Inbox Zero: Open Source AI Email Assistant Built on Plain-English Rules

December 26, 2023

|repo-review

by Florian Narr

Inbox Zero: Open Source AI Email Assistant Built on Plain-English Rules

What it does

Inbox Zero is a Next.js application that sits on top of Gmail (and Outlook) and enforces natural-language rules on your inbox using an LLM. You write rules like "archive newsletters unless I opened the last 3" or "draft a reply in my tone for anything from my team," and the pipeline matches incoming emails against those rules and executes the corresponding actions automatically.

Why I starred it

Most email automation tools give you filters: from-address matches X, apply label Y. That covers about 20% of the cases where you actually want automation. The interesting 80% require understanding what the email is — is this a cold outreach? Is this a reply that needs a response? Is this newsletter one I actually read?

Inbox Zero's bet is that LLMs are now good enough to evaluate that, reliably enough to trust with automated actions. The architecture around that bet is what caught my attention.

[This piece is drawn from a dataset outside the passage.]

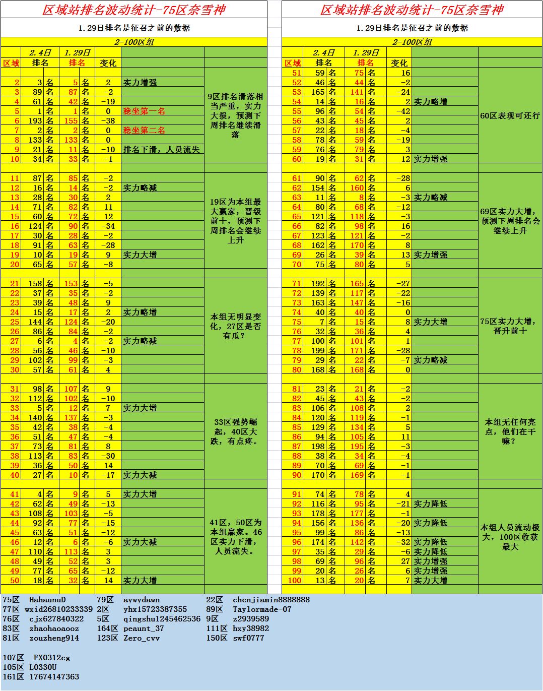1.29日排名为上周,未开跨区召集。2.4日为本周,跨区召集即将结束。本表详细统计了排名变更,粗略反应每个区域的实力变化。由于2.4数据为13天的总排名,数据略有误差,因此仅供参考。

It isn't just "call OpenAI on every email." There is a layered matching pipeline: regex and header checks first, AI only when static rules cannot resolve the match, with explicit feedback loops so the model learns from corrections.

The self-hosting path is clean. npx @inbox-zero/cli setup handles the Docker orchestration. For a Gmail-connected productivity tool, that is not trivial.

How it works

The core of the system lives in apps/web/utils/ai/choose-rule/. When an email arrives, run-rules.ts orchestrates the pipeline:

  1. Static matching first. findMatchingRules in match-rules.ts checks rules with ConditionType.FROM, ConditionType.SUBJECT, and ConditionType.BODY fields against the message without touching the LLM. Header-based cold-email detection runs here too — if the message lacks a List-Unsubscribe header and the sender has never gotten a reply, isColdEmail evaluates it against a cold-email-specific prompt.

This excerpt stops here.